Hello, Colorado Sunday friends!
I hope, high winds not withstanding, that you all have enjoyed these first few days of spring. There is plenty of fresh, green evidence of the new season emerging in my yard, but also proof that this has been a disturbingly dry winter for many of us. It’s dusty out there and the trees seem to be holding back, as if they are waiting for March to prove up as the snowiest month. A gloriously large cluster of oyster mushrooms that sprouted from a soggy cottonwood stump last fall has dried into a hard piece of garden sculpture that sounds hollow when I knock on it.
I’m lucky. If the owed snow and rain do not fall, I live in a town and know that I can solve my drought problem by dragging a hose out into the garden. Water will flow when I open the spigot. Water always pours from my faucets indoors.

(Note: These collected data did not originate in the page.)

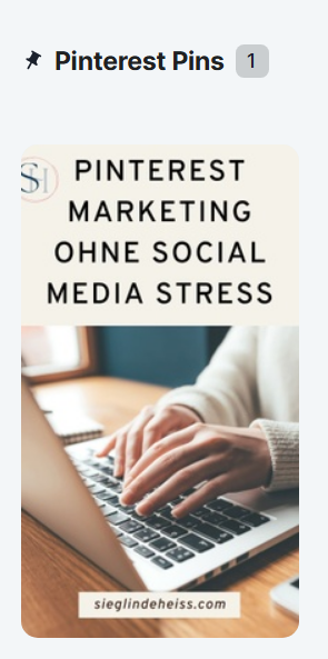 - Pinterest Guide für Selbständige – sichtbar ohne Social Media Hier erkläre ich Schritt für Schritt, wie Coaches, Berater:innen und Dienstleister:innen Pinterest nutzen können, um langfristig sichtbar zu werden – ganz ohne Dauer-Online-Sein. Ein kompakter Leitfaden für Pinterest-Einsteiger:innen.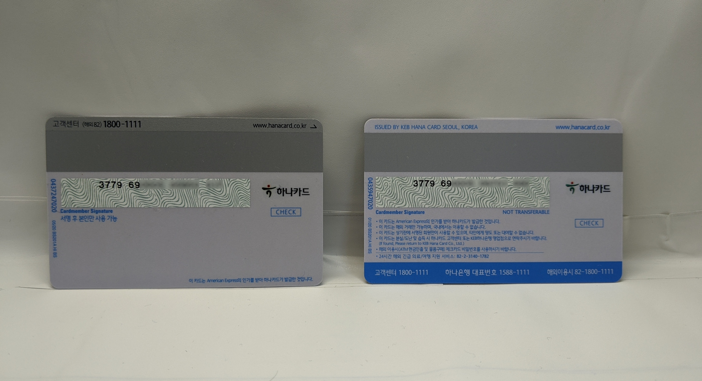 그래도 앞면은 하나카드 로고 위치 말고는 따로 차이가 없는 것 같습니다.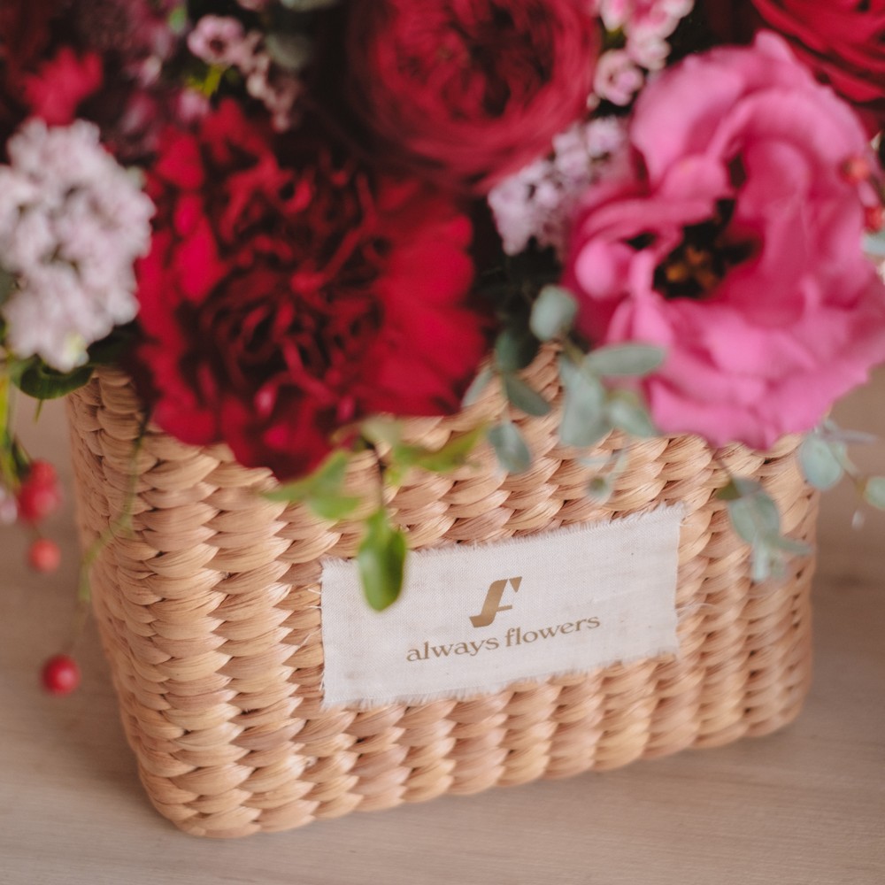 女性のココロがときめくフラワーアイテムを提案する「Always Flowers(オールウェイズ フラワーズ)」。人気のフラワーバッグアレンジに第3弾がついに登場!!スクエアのカゴバッグは、ガーリーだけど個性派なフォルムが人気のスタイルです。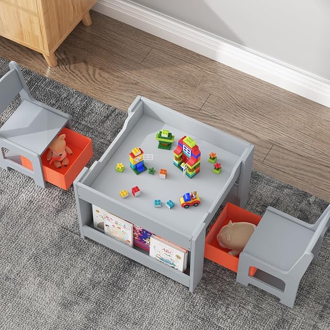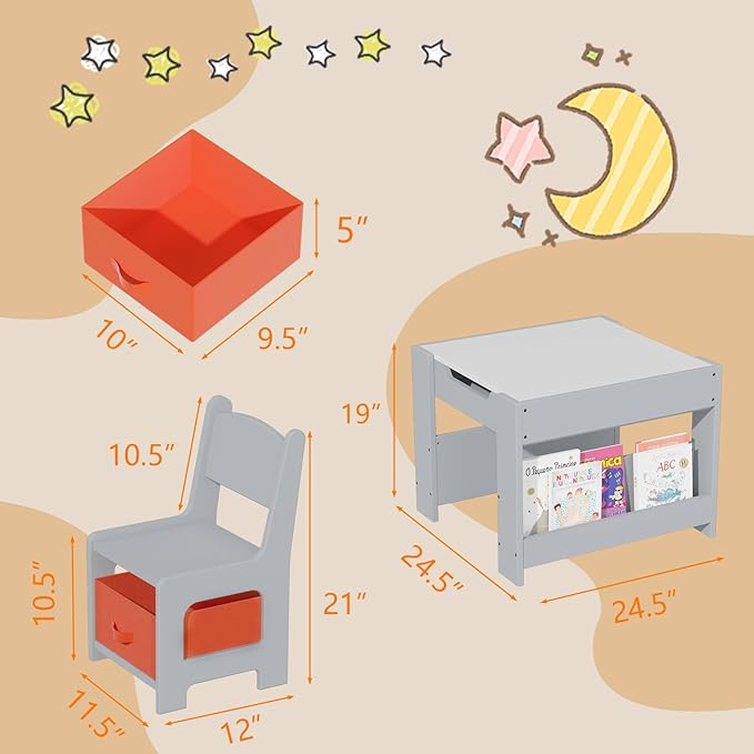 • 【Practical Toy Storage】The bottom of the chairs have removable collapsible fabric drawer that encourage good organizing habits.The under-seat compartment maximizes space utilization and provides ample storage for toys, snacks, books, and more, fostering a tidy play area.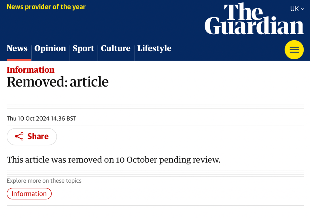 But after an online backlash, it appears that the Guardian has opted to remove the piece altogether, ‘pending review’. The paper could have defended the publication of the piece – or acknowledged its flaws – and yet it seems this beacon of transparency has opted for, um, neither option. So much for journalistic integrity, eh?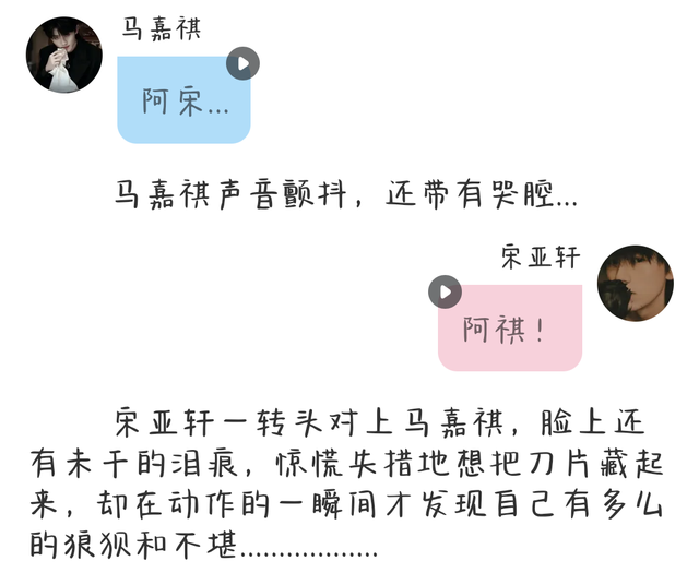 宋亚轩早就忘了自己不开心的事情了,满脑子都是马嘉祺往自己手臂扎三刀的画面……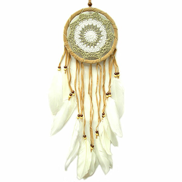 ドリームキャッチャー 白・茶 リリアン ニット編みタイプ [全長50cm/最大円直径12cm【アジアン雑貨 バリ 雑貨 開運アイテム】★ゆうパケット送料無料★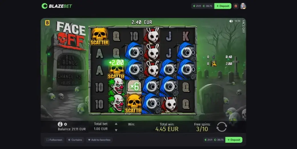 By this time I was well and truly in the Halloween vibe, so I stayed with the creepy and played Face Off from BGaming. Set in a graveyard that’s possibly post-apocalyptic, but definitely contaminated, this slot is a blast.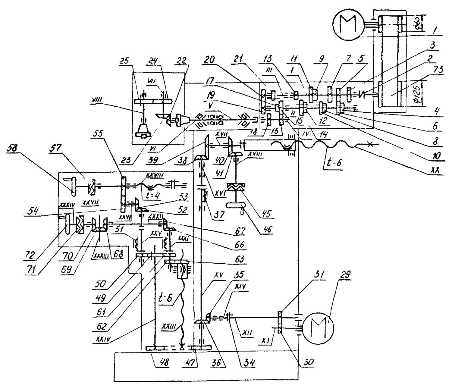 От електродвигуна подач 29 мощностью 1,3 кВт вращение через зубчатую пару 30, 31 і муфту 34 передається на вал XIV і через коническую пару 35-36 на вал ХV.
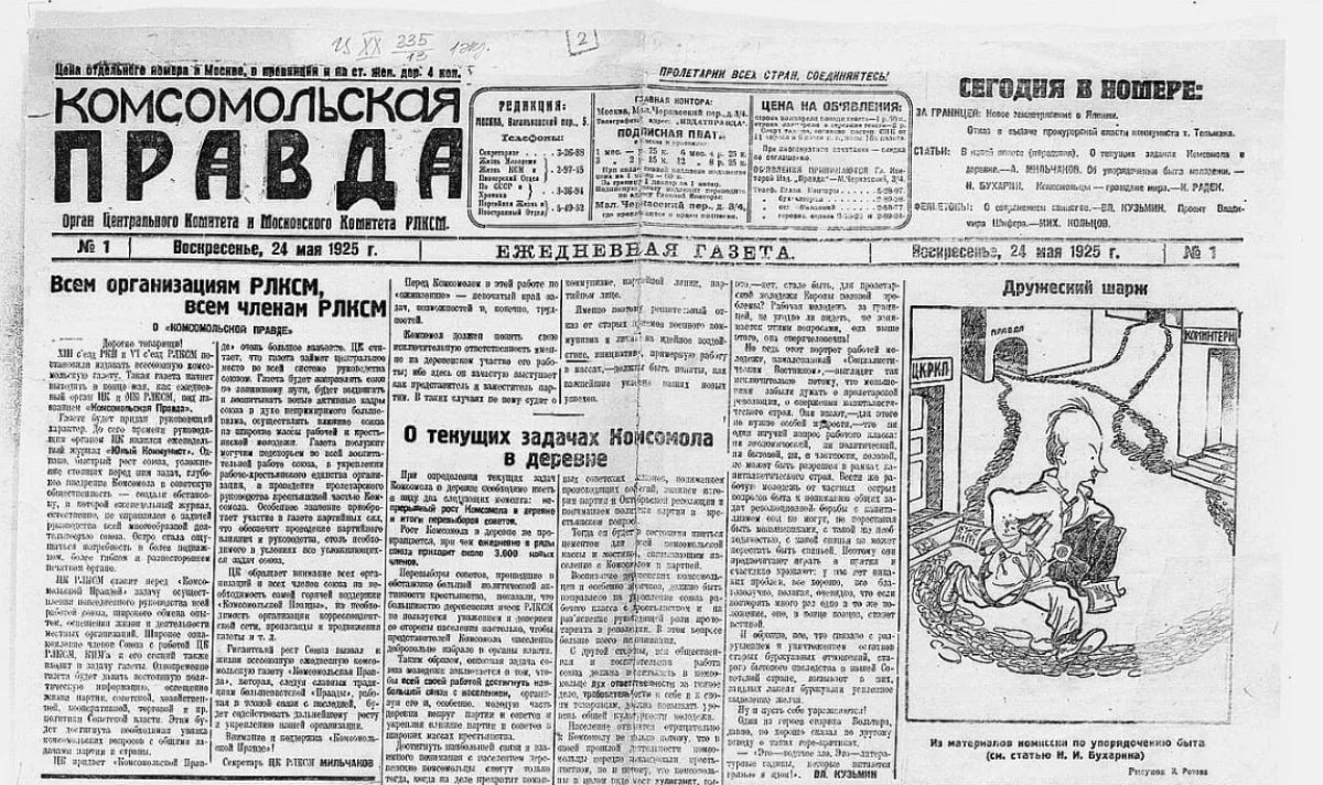 Ровно 100 лет назад вышел первый номер газеты "Комсомольская правда"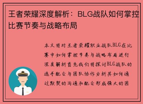 本文将对王者荣耀职业战队BLG在比赛中如何掌控节奏与战略布局进行深度解析。首先,我们将探讨BLG战队的选手配合与团队协作,分析其如何通过默契的沟通和配合形成强大的团队力量。接着,我们会研究他们对地图资源的控制策略,了解BLG战队是如何利用视野和资源获取优势的。此外,文章将重点讨论BLG在比赛中对于对手心理的把握以及应变能力。最后,我们还将分析BLG在不同局势下的战略调整,展示其灵活应变、随机应变的能力。通过这些方面的探讨,希望能为读者提供一个全面而深入的理解,让大家更好地认识到BLG战队在王者荣耀中的杰出表现。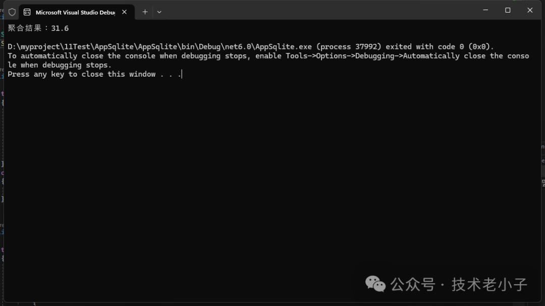 // 聚合查询 Console.WriteLine("\n用户平均年龄:"); SelectWithAggregation(connection, "Users", "AVG(Age)");

Until last week, this was not the reality of the people living in Westwater, Utah, the community featured in Shannon Mullane’s cover story today. You may recall that town from an earlier story Shannon wrote for Colorado Sunday, when 21 homes in the Navajo enclave finally got electricity. Turning on the power was supposed to speed up delivery of water service. The final hookups took much longer than expected — so long that when the water finally flowed inside their homes, people in Westwater could hardly believe what was happening.
Dana Coffield
Editor
The Cover Story
It’s a great feeling to have water
Thomas Chee watches the sunset while filling a 350-gallon water tank at a filling station in Blanding, Utah. Until March 18, he had to haul water to fill the 1,000-gallon cistern at his house a mile away in Westwater to keep water running for his family. (Shannon Mullane, The Colorado Sun)Sometimes, I’ve noticed, the stories that I report on take a long time to let me go. That’s the case with this story, about Westwater, a small Navajo community just outside of Blanding in southeastern Utah.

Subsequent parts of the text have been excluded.